Around the first anniversary of the attack, Smucker, a Republican who joined a congressional delegation that traveled to Israel in 2017, said the U.S. “must continue to support our great ally, Israel. In Congress, my commitment to our nation’s ally will not waver. I stand with Israel.”
Smucker has the backing of the pro-Israel super PAC American Israel Public Affairs Committee. AIPAC has given Smucker tens of thousands of dollars in campaign donations since entering office in 2017, most recently receiving $500 on June 25.
Many of Smucker’s arguments fall in line with what other Republican lawmakers have said about Israel in recent months, including first-term Republican McCormick.
And Democrat Fetterman has established himself as one of Israel’s biggest defenders in Washington. While some Democrats have criticized Israel, saying it has gone too far in its retaliation against Hamas, Fetterman has continued to back Israel.
Fetterman’s record on the Gaza war drew specific scrutiny from Martin.
“I voted for Fetterman,” Martin said. “And he won’t be getting my vote again because he doesn’t recognize the humanity of Palestinians, and I just find that deeply disturbing.”
Martin and Yoder Salim told the crowd that much of what they witnessed in the West Bank is rooted in authoritarian practices, which are on the rise in the U.S.
Mennonite Action Lancaster has joined several protests over the past few months, including June’s “No Kings” rally in Binns Park. The organizers said they will continue to participate in demonstrations.

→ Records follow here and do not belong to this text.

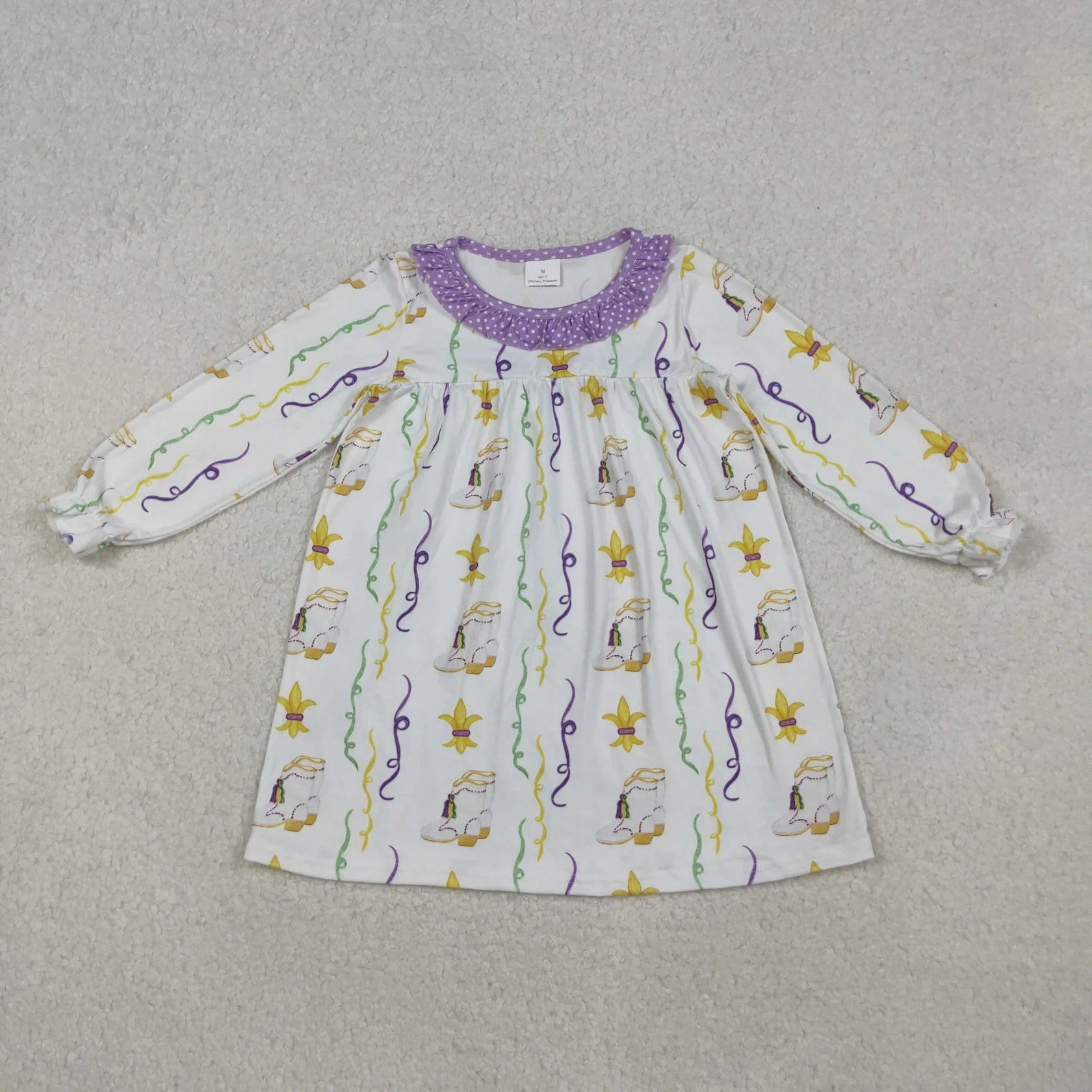 Sibling Baby Girls Mardigras Anchors Stripe Ruffle Collar Knee Length Dresses Rompers C10.27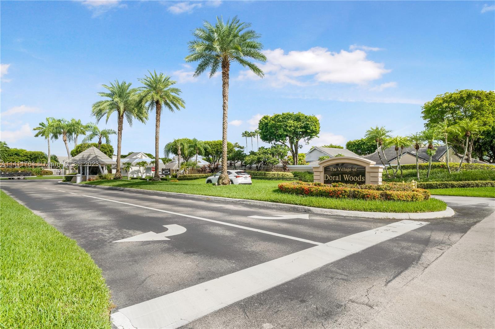 Amazing opportunity to own a spacious and bright one story single family house located in the gated community of Doral Woods. This spacious home features 3 bedrooms and 2 bathrooms, providing ample space for comfortable living. The interior boasts high ceilings, porcelain floors, impact doors, and windows provide plenty of lights. The private kitchen features high-end appliances and ample cabinet space. Step outside to the backyard, where you'll discover a serene outdoor space perfect for enjoying with friends and family. Substantially remodeled in 2018 included new porcelain floors, electrical panel, impact doors & windows. A/C /2013. HOA includes access to Doral Country Club. See click on virtual tour.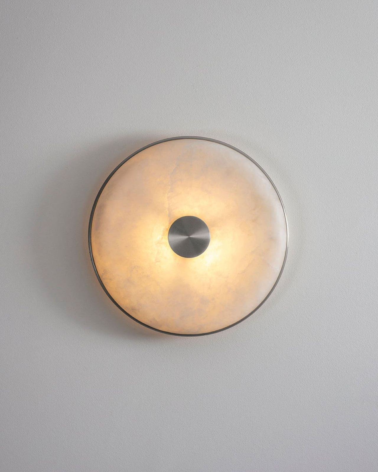 Meticulously crafted from the finest natural creamy white alabaster in the Aragon region of Spain, this wall light will diffuse a very gentle light creating a welcoming and calm atmosphere. Simple yet elegant, Alabaster stone is soft in appearance though highly robust. Available in two sizes and IP65 rated, this fixture is suitable to be installed in bathroom wet areas,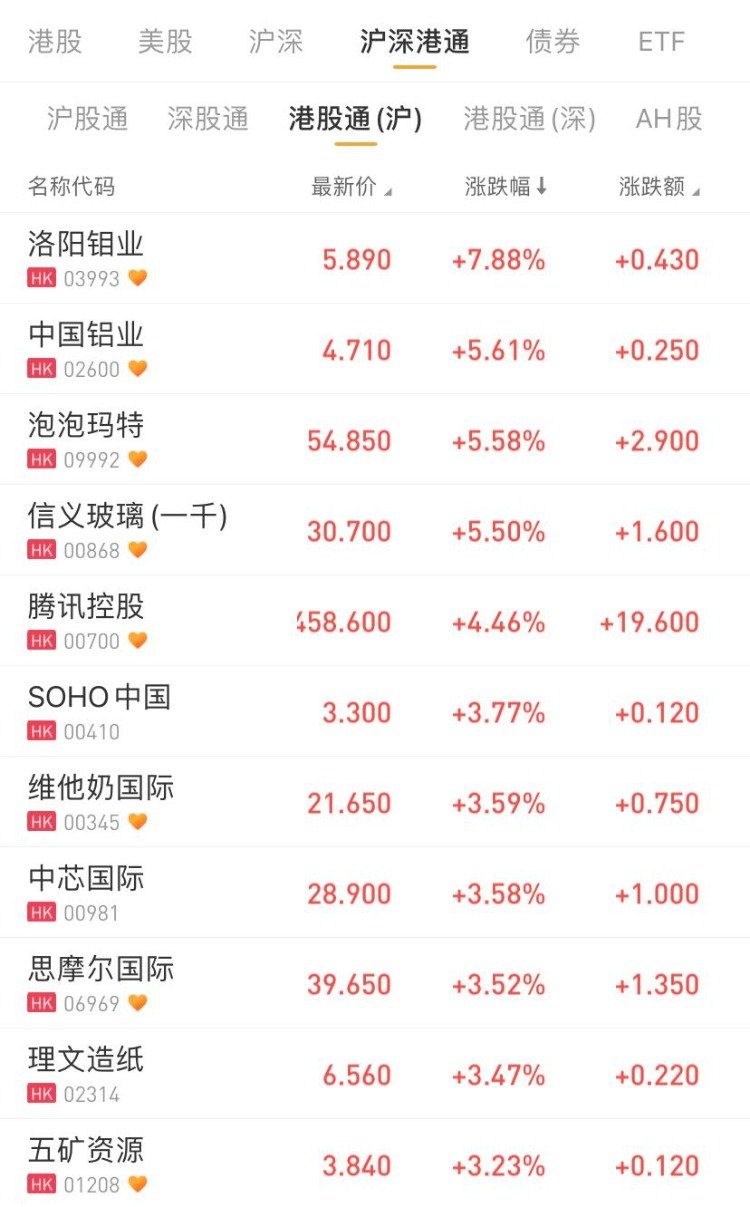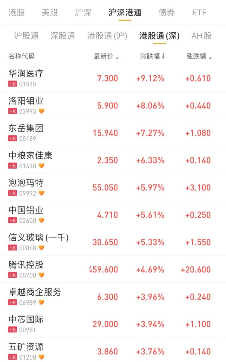 港股通(沪)、港股通(深)个股方面,华润医疗涨9%,洛阳钼业涨8%,东岳集团涨7%,泡泡玛特涨5%,腾讯涨4%。

“If we allow genocide to be normalized, then other forms of ethnic cleansing can be normalized,” Martin said. “And so the fact that there are mass detention facilities being built in the U.S. and rising violence here feels intrinsically connected … to rising violence in Gaza and the West Bank.
“If we make that allowable, it can happen anywhere,” Martin added. “And for that reason, we have to organize against authoritarianism here.”